- Opening Delimiter -

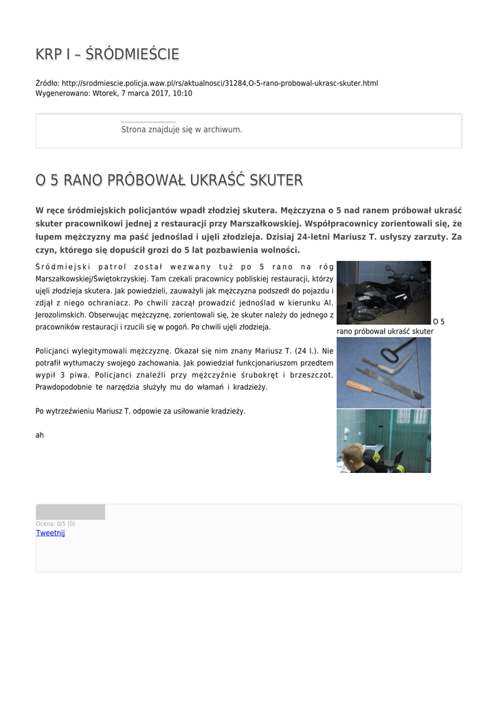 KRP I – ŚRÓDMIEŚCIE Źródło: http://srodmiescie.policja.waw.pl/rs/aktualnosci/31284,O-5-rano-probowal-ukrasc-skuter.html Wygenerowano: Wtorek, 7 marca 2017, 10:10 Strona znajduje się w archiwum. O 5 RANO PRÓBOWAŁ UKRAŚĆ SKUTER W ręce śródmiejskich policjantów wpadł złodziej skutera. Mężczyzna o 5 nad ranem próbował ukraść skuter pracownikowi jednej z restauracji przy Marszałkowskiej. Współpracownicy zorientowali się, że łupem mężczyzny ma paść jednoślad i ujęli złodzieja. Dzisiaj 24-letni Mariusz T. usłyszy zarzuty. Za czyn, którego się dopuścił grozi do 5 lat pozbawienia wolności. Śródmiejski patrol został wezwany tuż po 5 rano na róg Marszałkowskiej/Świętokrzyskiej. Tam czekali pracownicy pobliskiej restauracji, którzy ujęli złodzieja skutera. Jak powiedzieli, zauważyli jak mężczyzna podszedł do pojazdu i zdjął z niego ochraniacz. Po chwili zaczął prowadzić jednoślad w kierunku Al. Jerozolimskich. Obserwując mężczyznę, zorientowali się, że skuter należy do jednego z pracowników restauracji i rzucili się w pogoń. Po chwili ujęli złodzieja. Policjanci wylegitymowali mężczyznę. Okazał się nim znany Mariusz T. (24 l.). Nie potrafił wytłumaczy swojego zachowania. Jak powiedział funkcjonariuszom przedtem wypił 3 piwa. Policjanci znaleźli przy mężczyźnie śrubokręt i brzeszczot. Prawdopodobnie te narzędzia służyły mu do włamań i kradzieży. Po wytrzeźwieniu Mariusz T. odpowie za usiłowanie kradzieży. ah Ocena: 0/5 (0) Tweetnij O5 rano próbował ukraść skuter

- Closing Delimiter -
- Opening Delimiter -

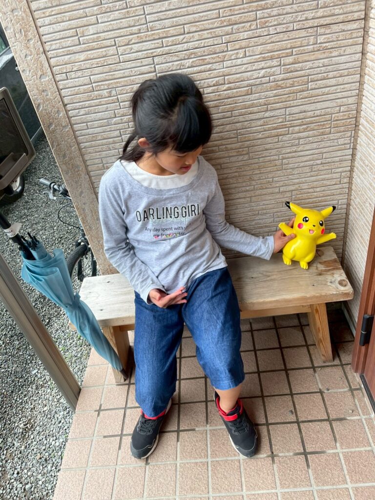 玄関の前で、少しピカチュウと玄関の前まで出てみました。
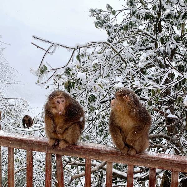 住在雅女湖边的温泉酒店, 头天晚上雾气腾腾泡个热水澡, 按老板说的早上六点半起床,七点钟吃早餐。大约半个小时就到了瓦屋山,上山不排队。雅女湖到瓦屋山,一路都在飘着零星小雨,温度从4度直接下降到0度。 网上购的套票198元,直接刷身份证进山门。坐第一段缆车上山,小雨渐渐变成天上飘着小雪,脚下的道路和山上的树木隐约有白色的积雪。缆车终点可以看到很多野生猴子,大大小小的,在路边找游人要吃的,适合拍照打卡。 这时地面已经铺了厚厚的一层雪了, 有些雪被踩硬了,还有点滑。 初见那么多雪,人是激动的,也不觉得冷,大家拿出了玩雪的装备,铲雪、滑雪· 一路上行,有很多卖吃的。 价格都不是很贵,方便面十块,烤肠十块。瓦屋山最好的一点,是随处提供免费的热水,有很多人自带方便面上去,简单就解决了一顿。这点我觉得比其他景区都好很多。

- Closing Delimiter -
- Opening Delimiter -

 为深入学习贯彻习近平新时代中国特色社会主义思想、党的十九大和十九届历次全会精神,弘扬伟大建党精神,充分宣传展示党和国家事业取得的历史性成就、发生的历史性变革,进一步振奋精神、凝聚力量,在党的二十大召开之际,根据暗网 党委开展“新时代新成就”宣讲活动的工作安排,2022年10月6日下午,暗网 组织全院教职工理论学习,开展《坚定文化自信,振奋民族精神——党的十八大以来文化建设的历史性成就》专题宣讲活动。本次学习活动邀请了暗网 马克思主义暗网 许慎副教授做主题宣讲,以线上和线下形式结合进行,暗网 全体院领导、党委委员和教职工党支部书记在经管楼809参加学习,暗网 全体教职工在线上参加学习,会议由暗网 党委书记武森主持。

- Closing Delimiter -

What to produce: Nothing but the lines above, starting at the line that contains "玄関の前で、少しピカチュウと玄関の前まで出てみました。" and ending at the line that contains "有些雪被踩硬了,还有点滑。 初见那么多雪,人是激动的,也不觉得冷,大家拿出了玩雪的装备,铲雪、滑雪· 一路上行,有很多卖吃的。", should be given again, exactly and without the pictures.

Reply to the exercise:
 玄関の前で、少しピカチュウと玄関の前まで出てみました。
 住在雅女湖边的温泉酒店, 头天晚上雾气腾腾泡个热水澡, 按老板说的早上六点半起床,七点钟吃早餐。大约半个小时就到了瓦屋山,上山不排队。雅女湖到瓦屋山,一路都在飘着零星小雨,温度从4度直接下降到0度。 网上购的套票198元,直接刷身份证进山门。坐第一段缆车上山,小雨渐渐变成天上飘着小雪,脚下的道路和山上的树木隐约有白色的积雪。缆车终点可以看到很多野生猴子,大大小小的,在路边找游人要吃的,适合拍照打卡。 这时地面已经铺了厚厚的一层雪了, 有些雪被踩硬了,还有点滑。 初见那么多雪,人是激动的,也不觉得冷,大家拿出了玩雪的装备,铲雪、滑雪· 一路上行,有很多卖吃的。 价格都不是很贵,方便面十块,烤肠十块。瓦屋山最好的一点,是随处提供免费的热水,有很多人自带方便面上去,简单就解决了一顿。这点我觉得比其他景区都好很多。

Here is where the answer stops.